Orexin modulation of ventral tegmental area dopamine neurons Baimel, Corey


Dopamine neurons in the ventral tegmental area (VTA) are critically involved in the expression of motivated behaviour. The activity of dopamine neurons is regulated by intrinsic conductances and by synaptic inputs, both of which are subject to neuromodulatory influences. This thesis explores how orexin signalling alters the synaptic regulation and the activity of VTA dopamine neurons. Chapter 1 describes a role for dopamine in motivated behaviour and highlights how drugs of abuse alter synaptic transmission in the mesocorticolimbic dopamine system to drive compulsive reward seeking. Moreover, it outlines how lateral hypothalamic orexin projections to the VTA alter synaptic transmission onto dopamine neurons to promote motivated behaviour.
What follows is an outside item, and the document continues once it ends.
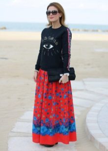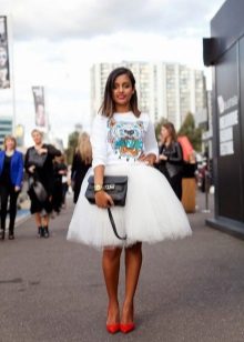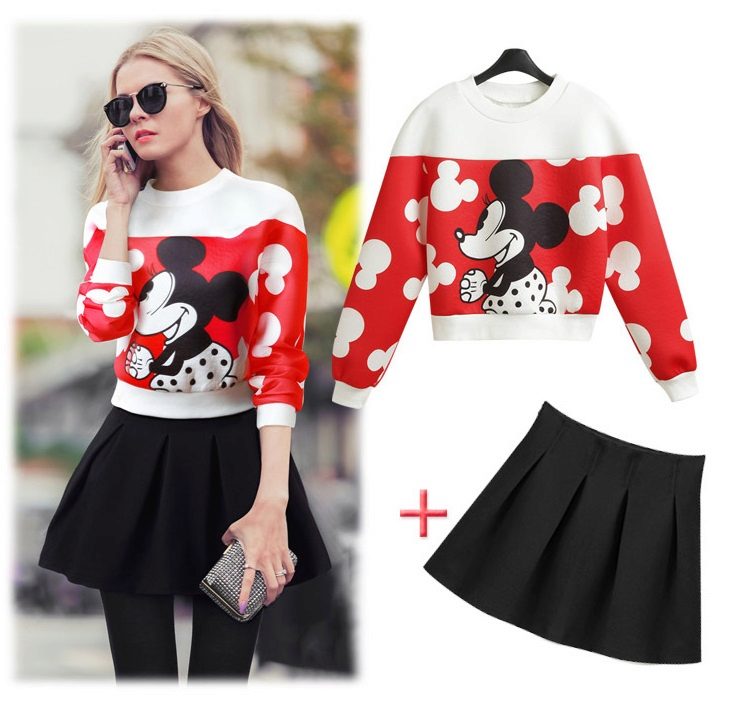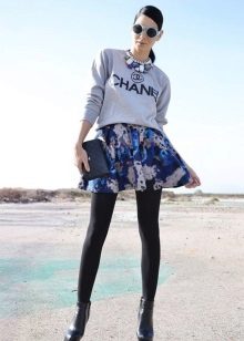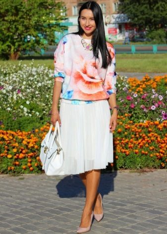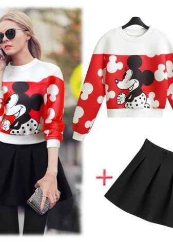 A white Mickey Mouse sweatshirt can be worn with a short A-line skirt. A floral print upper can be combined with a light white skirt. Selection of color solutions looks harmonious and stylish.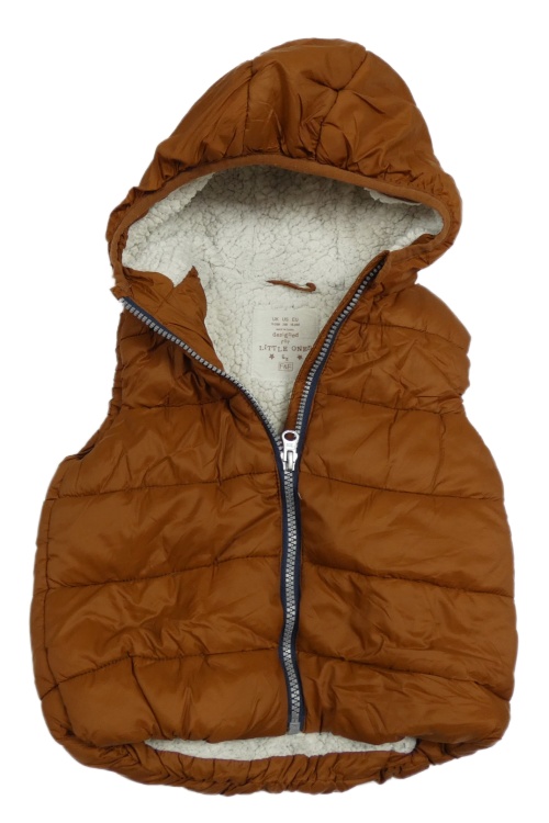 Hnedá prešívaná šušťáková zateplená vesta s kapucňou F&F

Chapter 2 examines how orexin signalling gates morphine-induced synaptic plasticity in the VTA. We demonstrate that inhibiting orexin receptor signalling in the VTA blocks morphine-induced increases and decreases in the strength of excitatory and inhibitory synaptic transmission respectively. Orexin neurons coexpress the inhibitory peptide dynorphin and the two are likely coreleased. In chapter 3 we demonstrate that orexin and dynorphin modulate the activity of dopamine neurons in a projection-target specific manner. Orexin preferentially increased the output of dopamine neurons that project to the lateral shell of the nucleus accumbens (NAc), while dynorphin was more effective at inhibiting the activity of dopamine neurons that project to the basolateral amygdala (BLA). Chapter 4 discusses the strength and weaknesses of these experiments and proposes future research to further enhance our understanding of orexin modulation of VTA dopamine neurons.